Records from a data source
* * * *

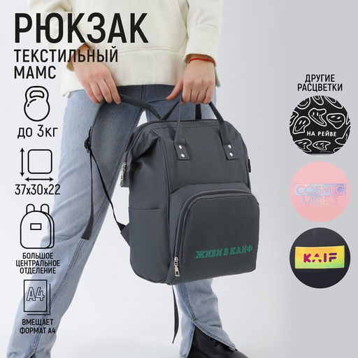 Рюкзак текстильный, с карманом ЖИВИ В КАЙФ,25х13х38, серый
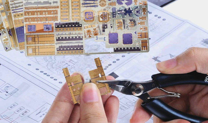 This is a well thought out model, but with very small pieces. Recommend adding small pieces BEFORE bending flat areas if possible. Lots of patience, gentle handling, and time. You need a magnifying light, tweezers, needle nose pliers, fine clippers and..occasionally..super glue.
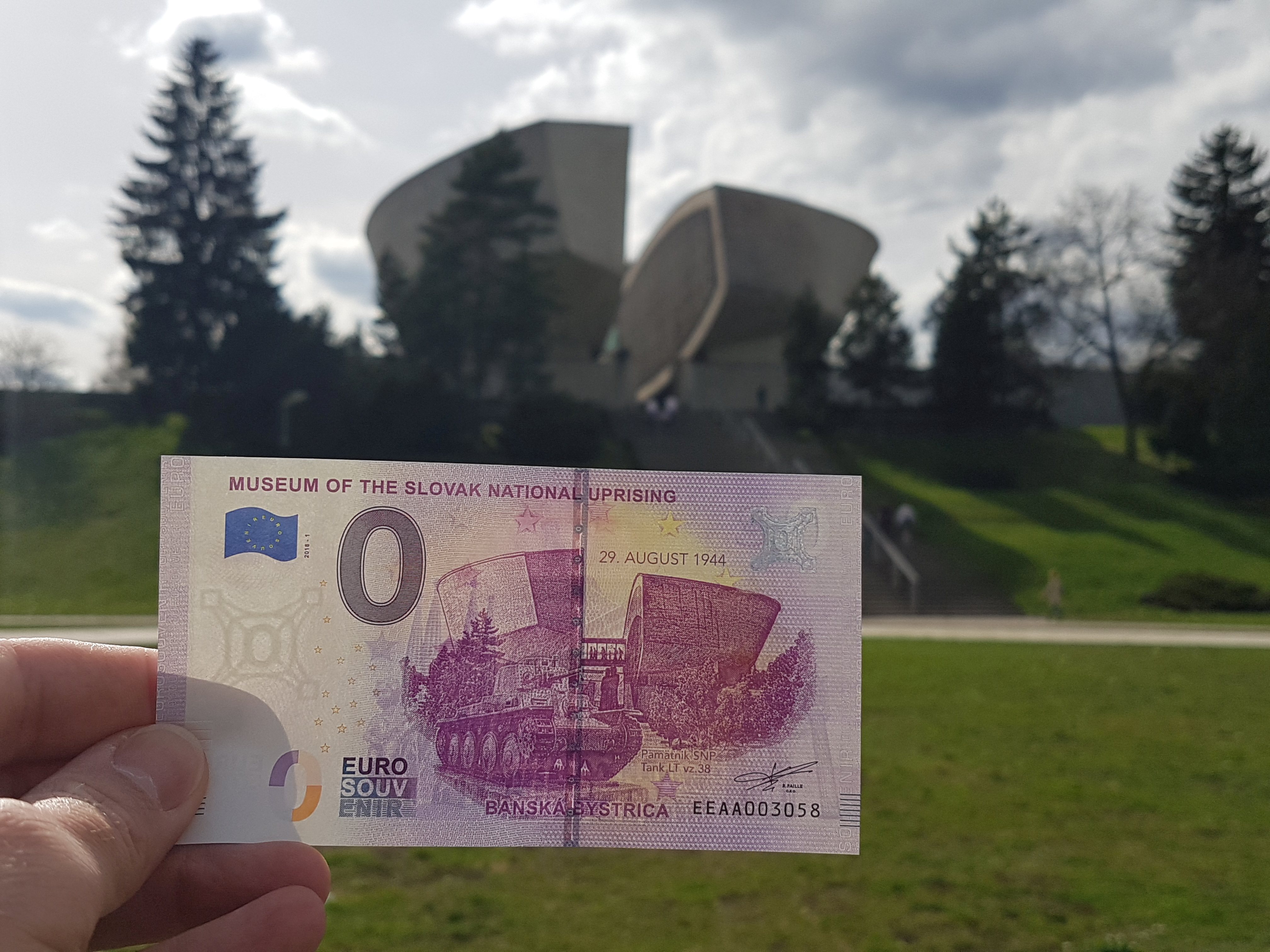 Nový zberateľský fenomén 0 Euro Souvenir bankovky učaroval celej Európe. Od roku 2015 sa z Francúzska rozšíril do ďalších krajín starého kontinentu a najnovšie preniká aj na Slovensko – po Eiffelovej veži, Vatikáne či Brandenburskej bráne sa na rad dostáva Pamätník SNP. Práve dominanta Banskej Bystrice a tank česko-slovenskej produkcie s označením LT vz. 38 budú ako prvé zobrazené na našich špeciálnych bankovkách v hodnote 0 eur. Ide o suvenír alebo zberateľský kúsok určený turistom či nadšencom z oblasti numizmatiky.
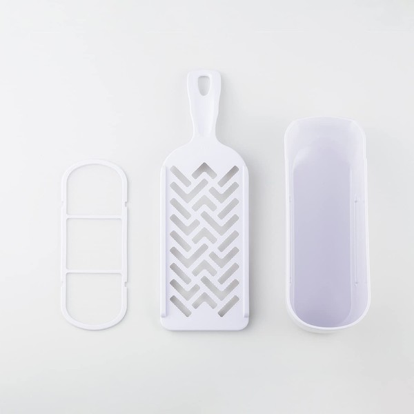 • This grater is full of ingenuity to make it a delicious grater without putting effort into it. The long grater surface makes it easy to grate large ingredients such as radish. We added twist to the alignment of the blade and the height of the eye. Blade angle is 45 degrees diagonally. Each eye has been changed in height and pitch for less resistance and even gration. The 7-degree angle plate makes it easy to apply pressure to food. Includes a perforated tray to remove excess water for grating radish
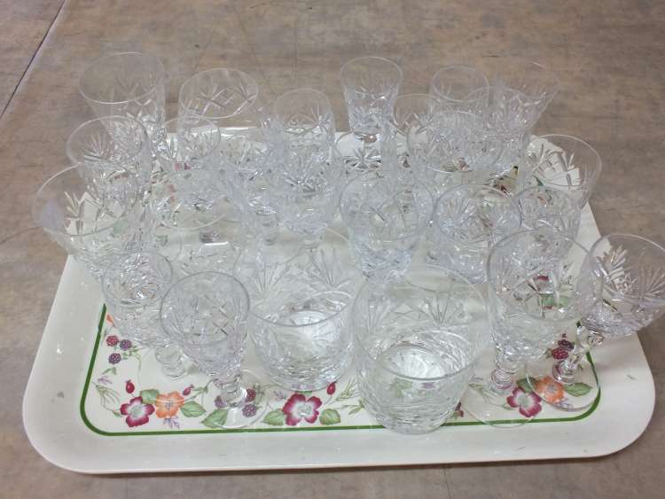 Various cut glass wines, tumblers and brandy glasses (three trays)
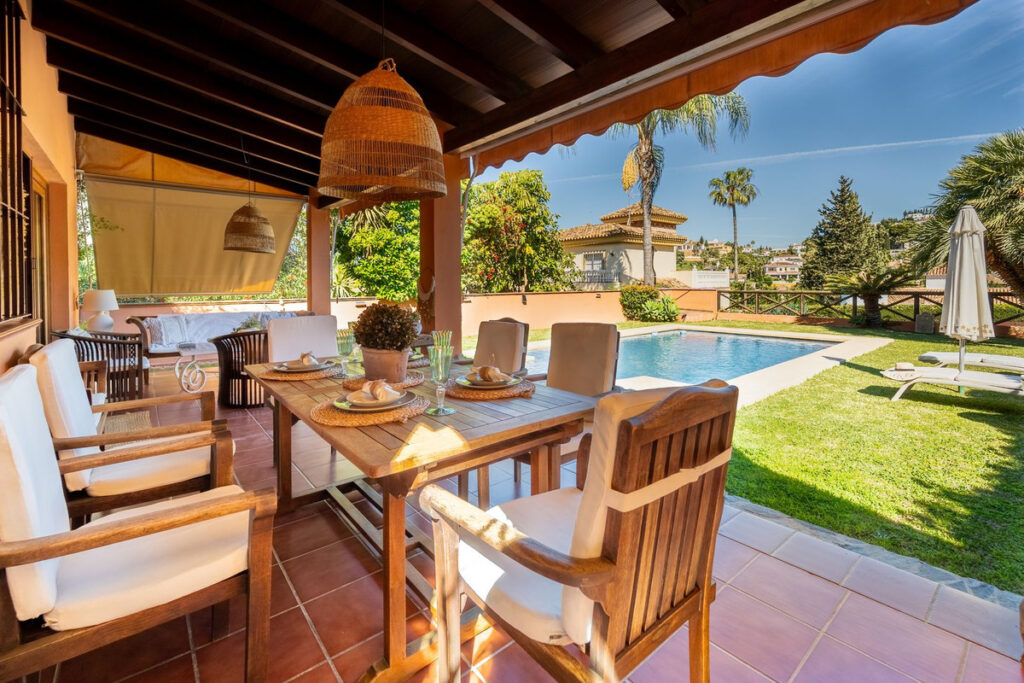 From the moment you enter, the home offers a sense of space and comfort. The spacious and inviting living room opens directly onto the terrace, garden, and private swimming pool, creating the perfect setting to enjoy the Costa del Sol lifestyle all year round, with pleasant mountain views.
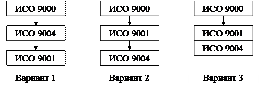 При формировании в организации СМК в соответствие с требованиями ИСО 9000 специалисты ООО «Конфлакс» предлагают следующие варианты стратегии внедрения (рисунок 4). В связи со сложностью внедрения стандарта ИСО 9004, положения которого носят
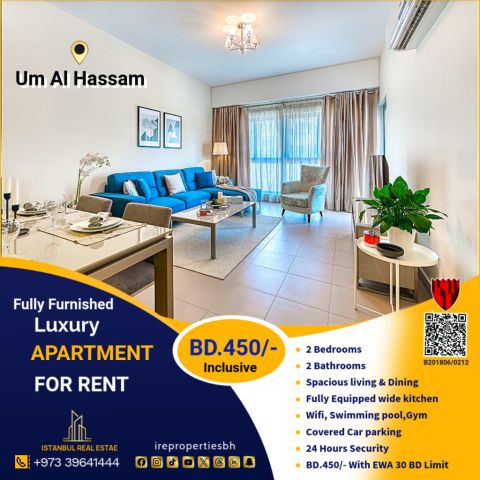 Fully furnished 2 BHK Luxury Apartment for rent in Umm Al Hassam BD450. This 2 BHK apartment is located in Umm Al Hassam. Prime location. It consists of 2 bedrooms, spacious living & dining area, 2 bathrooms, fully fitted wide kitchen, WiFi, swimming pool, gym, covered car parking, 24 - hour security. easy access to Adliya, Zinj, Mahooz, Manama, Seef, Juffair, Airport, etc. rent is BD450 with EWA
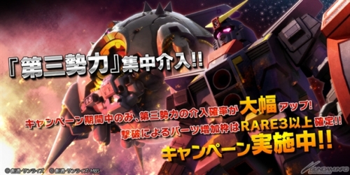 キャンペーンでは、期間中のみ第三勢力「アプサラスII」と「サイコ・ガンダム」の介入確率が大幅にアップする。
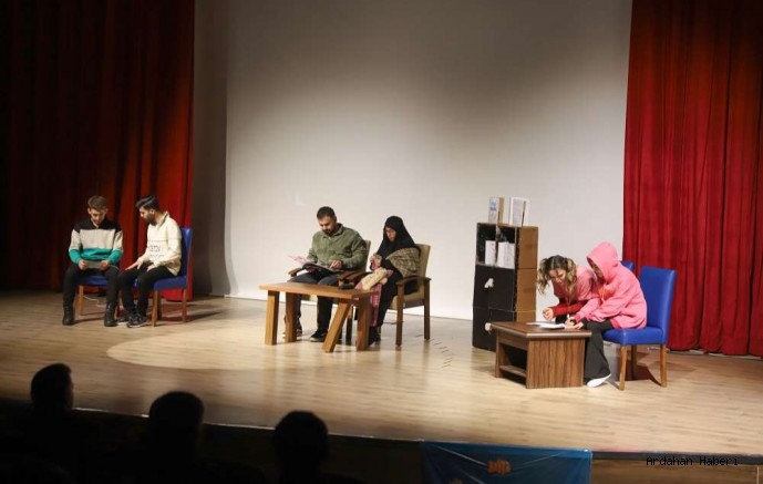Ardahan Üniversitesinde sahnelenen dört perdelik tiyatro oyununda; yangın, deprem, çığ ve sel gibi afetler, çocukların anlayabileceği eğitici ve öğretici bir dille ele alındı. Gösteri boyunca, afet anında doğru davranış biçimlerine dikkat çekilerek öğrencilerin bilinçlenmesi hedeflendi.
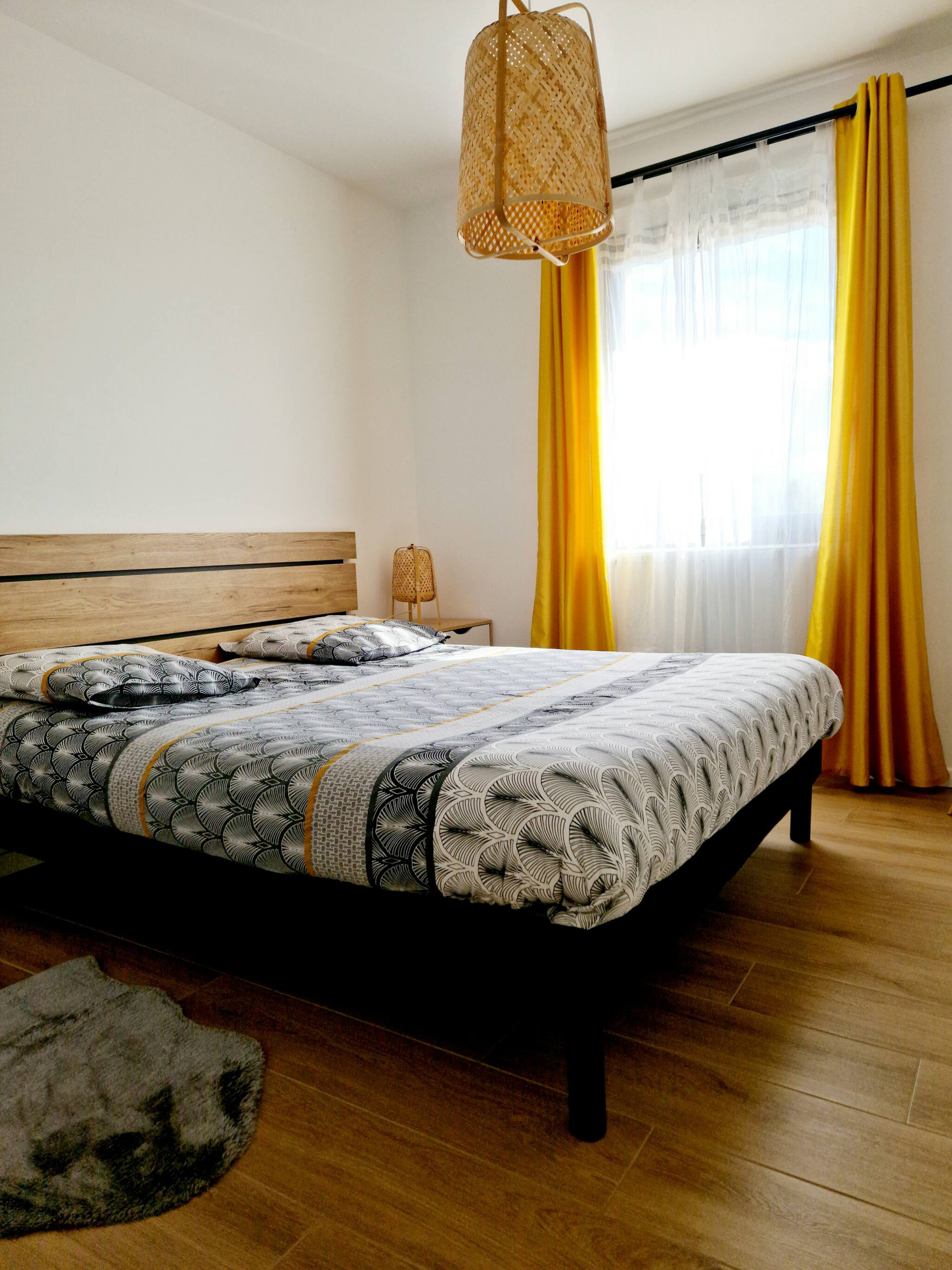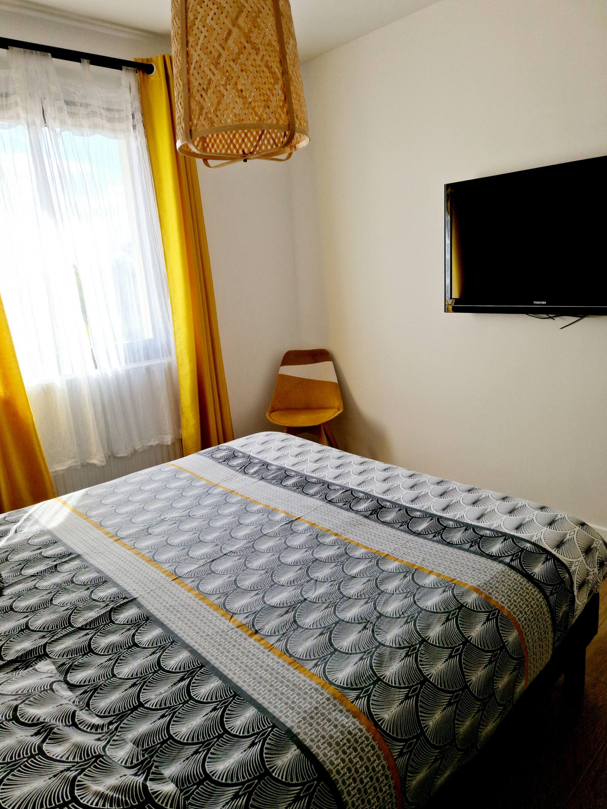 - dans la chambre parentale, un grand lit 160 x 200 et placard de rangement. Tv murale.

* * * *

ACTIVITY: Retype all the data exactly; skip the pictures.

RESULT FOR THIS EXERCISE:
 Рюкзак текстильный, с карманом ЖИВИ В КАЙФ,25х13х38, серый
 This is a well thought out model, but with very small pieces. Recommend adding small pieces BEFORE bending flat areas if possible. Lots of patience, gentle handling, and time. You need a magnifying light, tweezers, needle nose pliers, fine clippers and..occasionally..super glue.
 Nový zberateľský fenomén 0 Euro Souvenir bankovky učaroval celej Európe. Od roku 2015 sa z Francúzska rozšíril do ďalších krajín starého kontinentu a najnovšie preniká aj na Slovensko – po Eiffelovej veži, Vatikáne či Brandenburskej bráne sa na rad dostáva Pamätník SNP. Práve dominanta Banskej Bystrice a tank česko-slovenskej produkcie s označením LT vz. 38 budú ako prvé zobrazené na našich špeciálnych bankovkách v hodnote 0 eur. Ide o suvenír alebo zberateľský kúsok určený turistom či nadšencom z oblasti numizmatiky.
 • This grater is full of ingenuity to make it a delicious grater without putting effort into it. The long grater surface makes it easy to grate large ingredients such as radish. We added twist to the alignment of the blade and the height of the eye. Blade angle is 45 degrees diagonally. Each eye has been changed in height and pitch for less resistance and even gration. The 7-degree angle plate makes it easy to apply pressure to food. Includes a perforated tray to remove excess water for grating radish
 Various cut glass wines, tumblers and brandy glasses (three trays)
 From the moment you enter, the home offers a sense of space and comfort. The spacious and inviting living room opens directly onto the terrace, garden, and private swimming pool, creating the perfect setting to enjoy the Costa del Sol lifestyle all year round, with pleasant mountain views.
 При формировании в организации СМК в соответствие с требованиями ИСО 9000 специалисты ООО «Конфлакс» предлагают следующие варианты стратегии внедрения (рисунок 4). В связи со сложностью внедрения стандарта ИСО 9004, положения которого носят
 Fully furnished 2 BHK Luxury Apartment for rent in Umm Al Hassam BD450. This 2 BHK apartment is located in Umm Al Hassam. Prime location. It consists of 2 bedrooms, spacious living & dining area, 2 bathrooms, fully fitted wide kitchen, WiFi, swimming pool, gym, covered car parking, 24 - hour security. easy access to Adliya, Zinj, Mahooz, Manama, Seef, Juffair, Airport, etc. rent is BD450 with EWA
 キャンペーンでは、期間中のみ第三勢力「アプサラスII」と「サイコ・ガンダム」の介入確率が大幅にアップする。
Ardahan Üniversitesinde sahnelenen dört perdelik tiyatro oyununda; yangın, deprem, çığ ve sel gibi afetler, çocukların anlayabileceği eğitici ve öğretici bir dille ele alındı. Gösteri boyunca, afet anında doğru davranış biçimlerine dikkat çekilerek öğrencilerin bilinçlenmesi hedeflendi.
 - dans la chambre parentale, un grand lit 160 x 200 et placard de rangement. Tv murale.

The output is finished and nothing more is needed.